Help me..?

Loneliness, Depression & Relationship Forum

Help Support Loneliness, Depression & Relationship Forum:

This site may earn a commission from merchant affiliate links, including eBay, Amazon, and others.

Rayri

Well-known member
Joined
Sep 1, 2011
Messages
350
Reaction score
0
Location
꿈 속에서
How do you cry ? i cannot cry any more. It is very rare occasion that i do. i sit and make noises and try to fall deeper into the sadness, but not even a tear slips out. Then i feel embarrassed and just stop. i want a good cry right now..i think it would do me some good. Please help.
 
This is a diffcult one. I have had times when I have been full of feelings but been unable to cry and it is so painful when this happens, because you feel that there is so much damned up inside you. I usually find that the tears do eventually come, though. How long have you been feeling like this? Have you been criticised for crying in the past?
 
I find that when the tears dont come there is usualy another emotion that needs to come out first. For me it is rage, so i go for a ride and scream until i have no voice...then the tears come. Sometimes not enough though. Something inside of me seems to block this... because when i let myself cry i may loose controle and go deeper in the sadness, thatis dangerous for me (suicidal).
There are so many reasons that could prevent you from crying. Like tiina said beeing criticised about it is also a very strong blocker.
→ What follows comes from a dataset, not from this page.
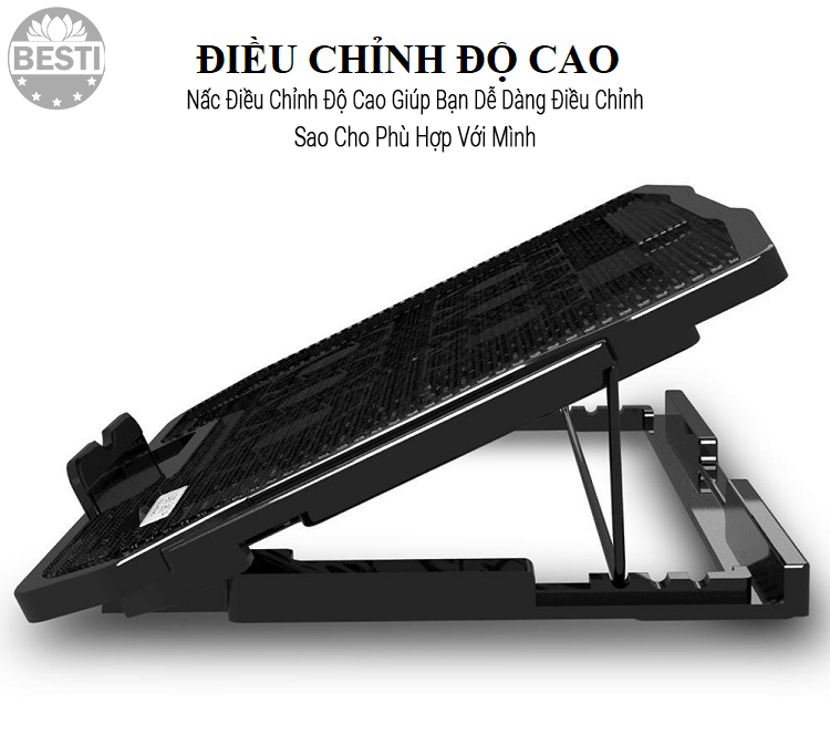 Đế Tản Nhiệt Laptop, Máy Tính Xách Tay Besti BTY02 , Có Đèn Led Cực Đẹp, 6 Quạt Giúp Làm Mát Nhanh Bảo Vệ Máy Tính Mà Không Gây Ồn Thích Hợp Cho Nhiều Loại Laptop - Hàng Chính Hãng    MÔ TẢ SẢN PHẨM Máy tính hoạt động nhiều giờ liên tục khiến cho chúng bị nóng và nhanh hết pin, cùng với đó là tình trạng xuống cấp của máy tính ngày càng trầm trọng. Việc laptop bị quá nhiệt ngoài việc khiến cho khả năng xử lý của máy kém đi, còn dẫn tới sự hao mòn nhanh chóng đối với tuổi thọ của các linh kiện đIện tử được gắn trong máy. Thế nên việc sử dụng các loại đế tản nhiệt là một phương pháp kinh tế nhưng cũng không kém phần hiệu quả trong việc hạn chế hiện tượng quá nhiệt của máy tính xách tay. Và chiếc quạt tản nhiệt máy tính Besti BTY02 với 6 quạt làm mát giúp nhanh chóng lấy đi sức nóng của máy tính giúp cho máy tính của bạn luôn trong trạng thái mát mẻ là sự lựa chọn hoàn hảo của bạn. TÍCH HỢP 6 QUẠT Với 6 quạt tản nhiệt tốc độ quay lên tới 2400 vòng/phút giúp giải tỏa cơn nóng nhanh chóng và hiệu quả. Đưa luồng không khí mát hướng từ trên xuống máy và tỏa không khi nóng ra 2 bên hông và phía sau. Tạo không gian làm việc, chơi game, học tập luôn thoải mái nhất khi bị ảnh hưởng trực tiếp từ luồng không khí nóng của máy. Giữ cho chiếc laptop của bạn luôn được mát, làm việc tốt hơn, độ bền cao hơn. Quạt mạnh nhưng rất êm, hạn chế tiếng ồn ảnh hưởng đến sự tập trung của bạn và mọi người xung quanh. THIẾT KẾ CỨNG CÁP, CHÂN NGHIÊNG THUẬN LỢI GÓC NHÌN Đế tản nhiệt laptop với thiết kế chân nghiêng chịu lực, giúp bạn điều chỉnh độ nghiêng của máy sao cho phù hợp nhất với góc nhìn của mình, bảo vệ mắt tốt. Vật liệu cứng và chắc chắn, đặc biệt là mặt lướikim loại có khả năng chịu lực cao, lỗ thông khí lớn tỏa nhiệt tốt hơn. Phía trước đế tản nhiệt còn có gờ ngăn không trượt máy khi nghiêng đế. Đối với chiếc đế tản nhiệt này khi bạn đi làm hoặc đi học có thể gấp gọn nó lại cho vào balo mà không bị vướng víu. KẾT NỐI TIỆN LỢI  Phía sau của đế tản nhiệt là 2 cổng USB, 1 cổng giúp kết nối đế tản nhiệt với laptop, cổng còn lại kết nối các thiết bị ngoại vi khác với laptop như bàn phím, chuột một cách gián tiếp thông qua chiếc đế tản nhiệt này. Có nút điều chỉnh tắt bật và tốc độ gió rất tiện lợi. Đèn LED màu xanh dương giúp bạn nhận biết chiếc đế tản nhiệt này vẫn còn hoạt động. TƯƠNG THÍCH VỚI LAPTOP 14INCH-15,6INCH Đế tản nhiệt laptop BESTI BTY02 có kích thước lớn nên có thể tương thích được các dòng máy có kích thước màn hình từ 14inch đến 15.6 inch thoải mái (tuy nhiên với sản phẩm có kích thước lớn hơn bạn vẫn có thể sử dụng bình thường mà không ảnh hưởng tớI hiệu quả làm mát). Đặc biệt là các dòng máy tính chơi game có kích thước lớn và nặng, chơi lâu, làm việc lâu dẫn đến nóng máy, cần tản nhiệt đều và nhanh thì BESTI là sự lựa chọn tối ưu nhất. THÔNG SỐ KĨ THUẬT ĐẾ TẢN NHIỆT LAPTOP – tên sản phẩm: tản nhiệt máy tính BESTI BTY02 – bộ sản phẩm gồm: 1 đế tản nhiệt và 1 cáp USB kết nối – chất liệu: nhựa cứng + kim loại – màu sắc: đen – kích thước: 370 x 255 x 27mm – trọng lượng: 750g

Just to say though, i have heard that some people who are dehydrated cannot produce tears...maybe all you need to do is drink water lol.
Take care
 
I don't know how to cry... sometimes I feel like crying so much but just can't... and then it almost feels worse when a few tears come out but then nothing else. I'm a little wary about saying this, but the last time I really really cried was when I got drunk with a few friends about a week ago. I wish I could just cry when I need to though.
 
I generally tend to have a fairly emotional breakdown or cry particularly when it comes to failing something that's important in my life and for me, that goes down to failing certain units or studies in general I should be passing in University. Hell, it's even worse when parents and such start to get frustrated over your fails and then tears start to come over yourself, feeling lost with life and society.

As for advice how to cry, I start off getting all frustrated and depressed about the issue first up and as soon as that happens, especially if it's an important, drastic issue, tears may drop from there. Otherwise, I don't know if that helps you or not. Sorry.

 
Inducing crying will not help you, because you know that you had to manufacture your tears. Crying must be a natural response to certain emotions. It cleanses the soul. Perhaps the reason you want a "Good Cry" deserves further study.
 
OP I have exactly the same thing I simply cannot cry much. Once in about 2 years now. At least you are not the only one. Maybe extra sad music might help you but does not work for me anyway
 
i feel embarrassed because i just feel like God is looking down at me. (Stupid i know) i got a few tears out last night. i just ran back over all the things that made me feel so depressed and i got some out. But just as you guys said, not enough. i've tried sad music...felt embarrassed again :p i tried trying to feel more depressed. It helps sometimes. i should try to get the anger out. i bet that would help. i just realized that i tend to want to cry when i am upset and around people. My eyes get watery and i feel my throat tensing, like i am preparing for a breakdown. Maybe that's me trying to tell myself that i want those around me to see how i feel and help...?? i don't know.
 
I can almost cry whenever I want to, its actually a pretty good skill, for an actor anyways. It helps if you are deep, in touch with your emotions, care about stuff, and are able to see and reflect on the all the sorrow out there. It's not the desire to cry that deserves further study, most likely it is a fear that one is becoming cold, heartless, indifferent, and inhuman.

I know what you mean though. When my dad shot himself when I was 16, I wanted to cry, but I couldn't. I was upset that I could not cry and wondered at how heartless I seemed to myself. I understood in my mind that this was the kind of wound that started off soft and would only get worse over time.

Something that may help, and some songs that might do the trick:

Imagine you are completely trapped and forsaken inside of a strange place, or haunted museum. Left there over the weekend, locked inside somehow. There is no food, but I'll give you a water fountain and some bathrooms. It's going to be a dark and lonely weekend. The second one is from THE album that activated my dreamy deeper side back when I was thirteen.

[youtube]66mghzJCY2s[/youtube][youtube]jwAop6MVxa4[/youtube]
[youtube]1gMxKBLftq4&ob=av2n[/youtube][youtube]7irynJtKI4I[/youtube]

Not sure why I thought of this one, but it is a sad song. This last one is a topic that may also be of some interest. Raising your vibrational frequency. High vibration, is not something I can explain. It sort of feels like a powered up super saiyan transformation, only entirely emotional and spiritual. I'm not buying the whole ascension thing, but at least it had a nice song and video instead of a bunch of talking.